Microsoft has built in a variety of security features in Windows 11. Among them, a security option called Smart Application Control (SAC) is quite special. This option uses a zero-trust mechanism and was originally only enabled by default when installing the system to prevent untrusted software from running on the computer. According to Microsoft's original design principles, Smart Application Control only runs on clean systems that are newly installed. If the user tries to disable it, the Smart Application Control feature no longer considers the system to be safe, so it cannot be enabled again after being disabled.
If the user wants to enable this feature again, they must reinstall the system. Recently, the smart application control function accidentally killed the ASUS Ultron Center on the ASUS ROG gaming handheld console. At that time, the user either disabled smart application control or waited for Microsoft to update the handheld console.

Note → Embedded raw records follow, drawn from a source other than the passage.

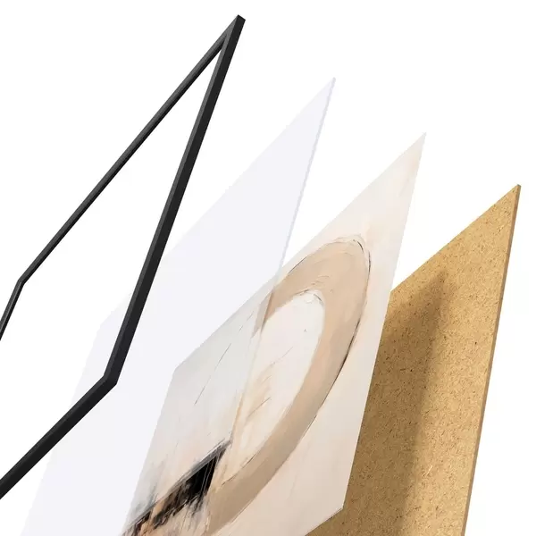 Plakatą sudaro rėmas, pleksiklas, atspausdintas vaizdas ir medžio drožlių plokštės pagrindas. Plakatą galima iš karto pakabinti ant sienos dėl kitoje pusėje esančių laikiklių.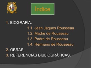 Este documento presenta una biografía detallada de Jean Jacques Rousseau, filósofo y escritor suizo. Describe su lugar y fecha de nacimiento, su familia y la educación que recibió. También resume las principales etapas de su vida, sus obras más importantes como El contrato social y Emilio, y los últimos años de su vida hasta su muerte en 1778.
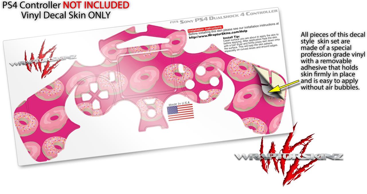 WraptorSkinz Skin compatible with Sony PS4 Dualshock Controller PlayStation 4 Original Slim and Pro Donuts Hot Pink Fuchsia (CONTROLLER NOT INCLUDED)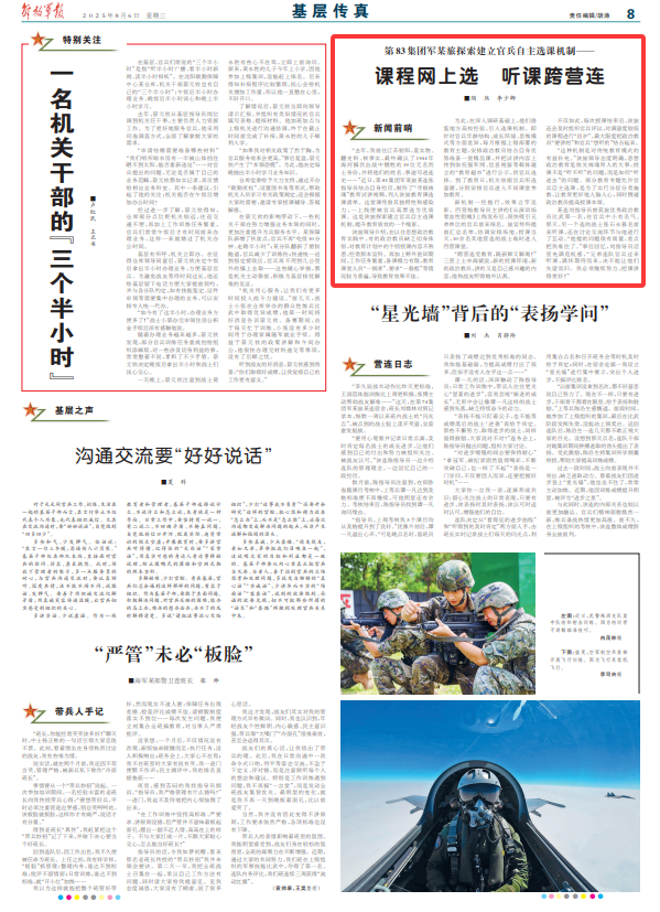 第83军队的一个旅探索了1944年建立了一种为Haihe Town独立选择的机制,并在公司的历史上写下了他们的名字和作品……”最近,Zhang的导师Zhang是第83组军队的第83组组的第83组组的公司,合并了他自己的经验,并在Brig列出了Brig中,并将其纳入Brig。在其独特性和吸引力下,该班级被选为一旦启动,就被评为高质量的官员和士兵。它是建立独立选择官员和士兵的机制的旅的缩影,以提高旅的教育质量和教育。在过去的意识形态技能中,一些政治教师缺乏个人理解,对教育计划中的教学内容不熟悉,并且经常遵守文本。此外,在现场培训期间,工作任务很重,E准备课程的nergy有限。课堂上的课堂工作人员很普遍,导致教育不良。在此之前,基于深度研究,他们从当地大学的经验中学到了学习,并引入了课程选择机制。也就是说,根据上级发送的教育主题,为了应对年龄结构,增长环境的变化,对官员和士兵的模式的思考,政治教师被安排根据自己的优势来准备高质量的班级,并在诸如Qiangjun网络和Windows Windows信息的“ Windows超市”的演讲中上传“ Windows超市”的演讲,以供公众提供公共官员和官员。在教育日,器官安排官员和士兵参加不同的班级,根据官员和士兵的选择参加教育。实施新机制时,效果会立即。在看着BL之后第四营讲师指示的“基于OODY”的基础是在线发布,兄弟单位的官员和士兵很快吸引了注册。并退火的thirsty! “第三营的中士宋·海宾(Song Haibin)说,新的教学环境和新的政治教育者正在谈论他感兴趣的事情,他和他的同伴认真倾听。不仅在每次演讲之后,旅中,旅还将安排官员和士兵及时地检查政治教师的统治方式,以征服官员和官员的说法。教育主题允许官员and soldiers to choose courses independently to implement stratified and classified instruction, so that education can be better to embrace the mind and heart, and at the same time forces political teachers to improve their teaching skills. The mentor Liu of a specific company used to be the first place in the rare competition of the political educator of the brigade and well-known officials and soldiers.那天,另一家公司的另一家士兵来听班,并通过讨论和交流与他联系。 “他提出的问题质量很高,我几乎很难过。” Later, the words of mentor Liu were filled with crisis, "Company and soldiers officials came to listen to class, and came with hope. They did notT let them go back to frustration. I should continue to work hard and teach the class better! Carrying
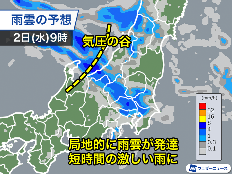 上空の気圧の谷が通過することに加え、地上付近ではシアーライン(風の流れが変化する境界線)が形成されるため、午前中から雨の降る所がある見込みです。明日よりも早いタイミングで雨の降り出す所があり、気圧の谷が海上に抜ける夕方にかけて局地的に雨雲が発達するとみられます。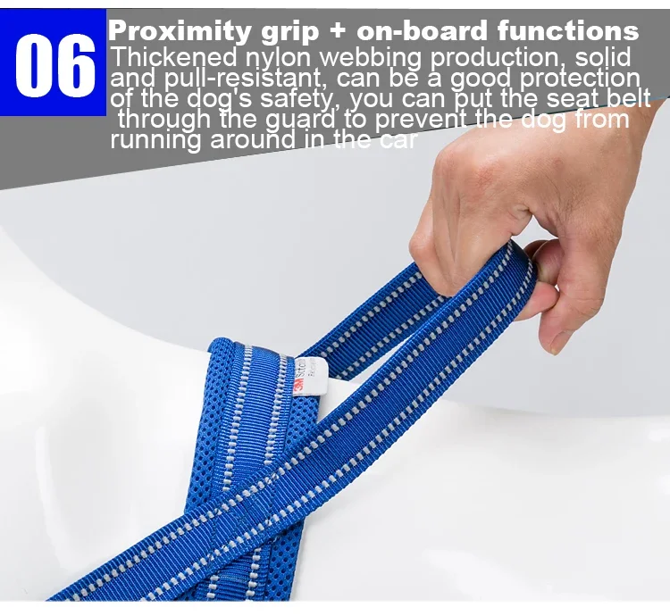 2. La producción de correas de nailon engrosadas, sólidas y resistentes a los tirones, puede ser una buena protección de la seguridad del perro, puede pasar el cinturón de seguridad a través del protector para evitar que el perro corra en el automóvil.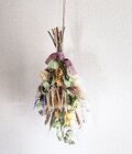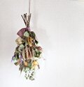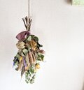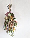 ハーブ畑で育てたユーカリポポラス、アメジストセージ、クラスペディアなどを使ったドライフラワースワッグです。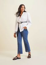 Calça Morena Rosa Straight Cós Alto Abertura Barra Jeans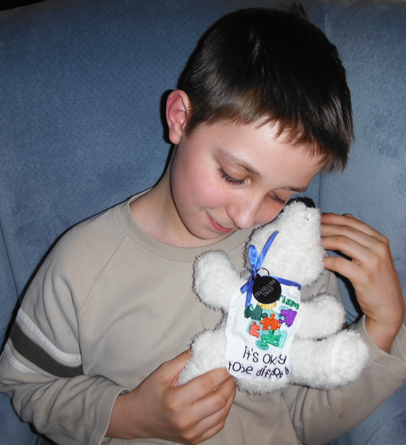 “It was Dorian’s idea. I told Dorian a story I’d heard about a little girl who wanted to see the world but had cancer, and was too sick to travel. So people took her teddy bear; passing it from one person to the other, so the bear saw the world for the little girl. Dorian loved the story, and said, “Mommy, I’d like to send Tikko around the world to raise autism awareness. But I don’t want people to keep Tikko…I want him to come home.” Thinking it a lovely idea, I suggested people take Tikko on vacation with them. That way they could bring Tikko home between vacations.”

Obviously, this approach is very inconvenient for users, especially considering Microsoft's update quality issues. For example, if you accidentally kill a software, you have to wait for Microsoft to unblock it. Users cannot disable smart application control or add whitelists (this feature does not provide a whitelist mechanism).
For this reason, in the latest Windows 11 beta, Microsoft has begun to change the way the smart application control function works. At least in the Windows 11 24H2/25H2 version, Microsoft will allow users to disable and then re-enable the smart application control function.
As a security recommendation, unless there is a good reason to disable this feature, users should always keep smart application control turned on. Although there may be accidental killing, it is still very helpful to improve security.